§ ABOUT THIS EXERCISE
The whole listing below, with no pictures, is to be repeated as it stands.

··· DATASET SECTION

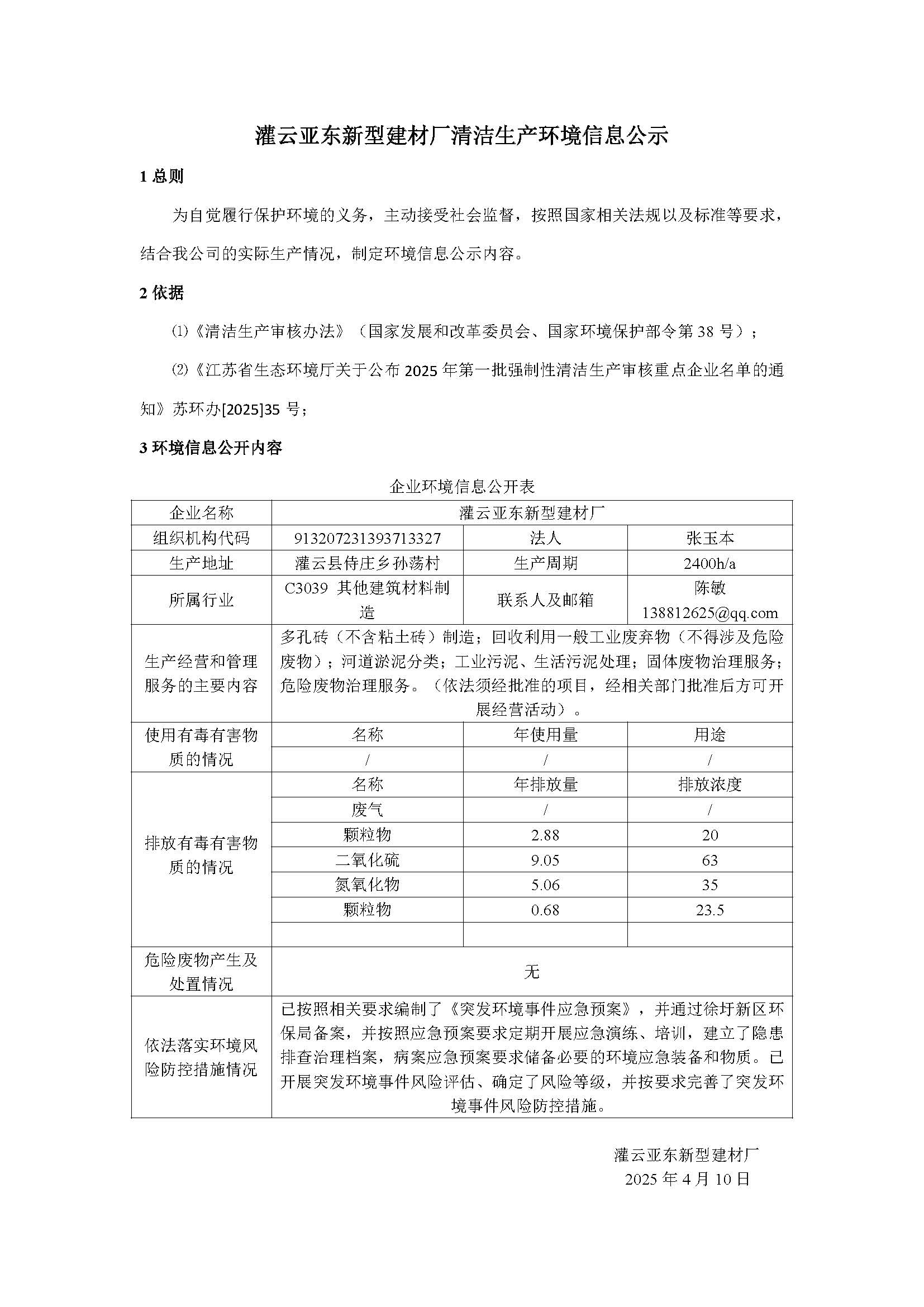 為深入推進連云港市污染物減排工作,根據《江蘇省生態環境廳關于公布2025年第一批強制性清潔生產審核重點企業名單的通知》蘇環辦[2025]35號,公司須實施清潔生產審核。現將公司基本情況公示如下 :
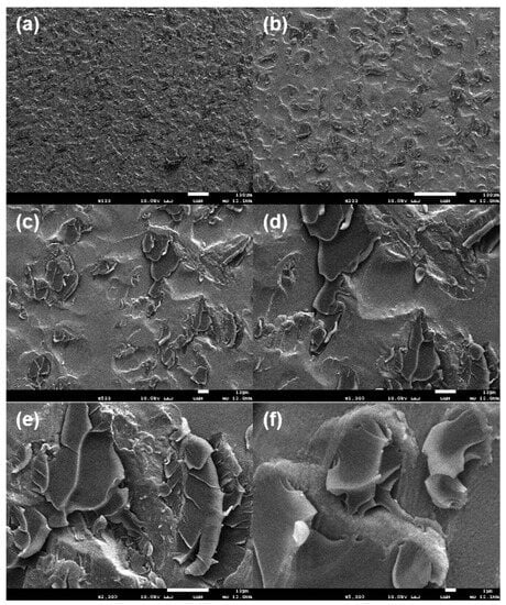 SEM image of surface of modified Zn–Al–Mg steel plate after epoxy resin bonding ((a–f) represent different magnifications).
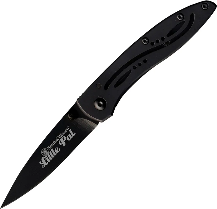 $13.95$8.32Smith & Wesson SWLPB Item Description:S&W Little Pal Framelock Black 3 closed. Black titanium powder coated 440C stainless drop point blade with ambidextrous thumb studs. Black finish skeletonized stainless handles." Black titanium powder coated blade and handles. 3" closed framelock. 440C stainless drop point blade with ambidextrous thumb studs. Skeletonized stainless handles.

······

§ RESULT FOR THIS EXERCISE
 為深入推進連云港市污染物減排工作,根據《江蘇省生態環境廳關于公布2025年第一批強制性清潔生產審核重點企業名單的通知》蘇環辦[2025]35號,公司須實施清潔生產審核。現將公司基本情況公示如下 :
 SEM image of surface of modified Zn–Al–Mg steel plate after epoxy resin bonding ((a–f) represent different magnifications).
 $13.95$8.32Smith & Wesson SWLPB Item Description:S&W Little Pal Framelock Black 3 closed. Black titanium powder coated 440C stainless drop point blade with ambidextrous thumb studs. Black finish skeletonized stainless handles." Black titanium powder coated blade and handles. 3" closed framelock. 440C stainless drop point blade with ambidextrous thumb studs. Skeletonized stainless handles.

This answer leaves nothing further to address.